On Friday, August 4th, Jade Cicada, Detox Unit, Keota, and Shadow Tricks take over the Knitting Factory in Brooklyn, NY, for Lights Out NYC 003 - Jade Cicada, brought to you by Good Looks Collective. Thus far, each LightsOut has strived to amplify levels of excitement and engagement amongst concert goers, and has consistently brought a much needed, refreshing vibe to the electronic music collective in and around NYC.
We had the opportunity to query Skyler Golden, the man behind the arthropod, a bit about his thoughts on pushing his musical endeavors forward.
We also had a chance to sit down with Blake Oakes - Skyler’s manager and the creative mind behind the LightsOut series.
JADE CICADA - Q & A
Hey Skyler, thanks for the opportunity to pick your brain a little bit. We’ve got a few questions to ask to get a better perspective on the Jade Cicada project:
The Rust: What other mediums of art interest you? Do you practice any art form other than music?
I’d say movies/tv shows and video games (the soundtracks and sound effects) interest me the most. I’m intrigued by all forms of art but those are definitely the ones I gravitate to for inspiration. I was never really one to be inspired by a piece of still art or anything, but I think it would be something worth trying out some time. I have a ton of respect and admiration for illustrators and graphic designers because I’m pretty useless in that category haha. Guys like Beeple and FuniLab and Kilian Eng are a few examples of still art artists that I really admire. I mess around with illustrator and photoshop from time to time (that’s how I made my logo and font) but that’s more of a hobby.

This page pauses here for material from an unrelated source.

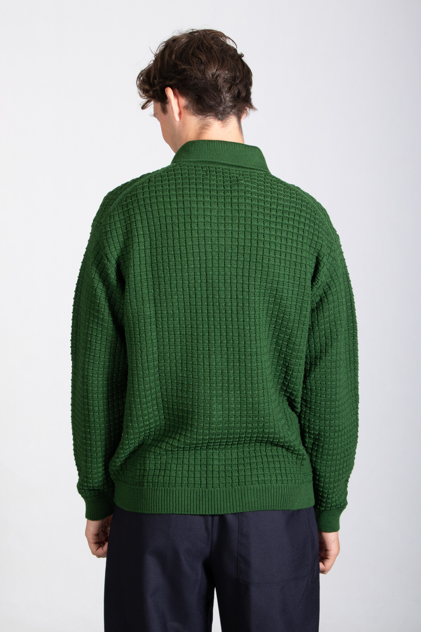 Gebreid vest van het Britse Universal Works. De stof is gebreid in wafelpatroon en gemaakt van merinowol met acryl. Ons model is 192 cm lang en draagt een maat L. | |

The Rust: What are some non-musical influences that have shaped your musical direction + musical career?
I mean, I think every life experience you have ends up being an influence in one way or another. The loved ones I’ve lost are a huge influence for example. The hardships I’ve endured and the happiest moments of my life are influences. Byte Evaders is an anagram for “Best Day Ever,” and I made that the day after I opened for one of my favorite all time producers, Tipper. On the other side, I made the song Lost Again in memory of my Father who passed away which is an anagram for “Nostalgia.”
The Rust: What kind of capabilities would you like to program into your live sets in the future? Do you have a particular vision for how you would like to present/perform your music?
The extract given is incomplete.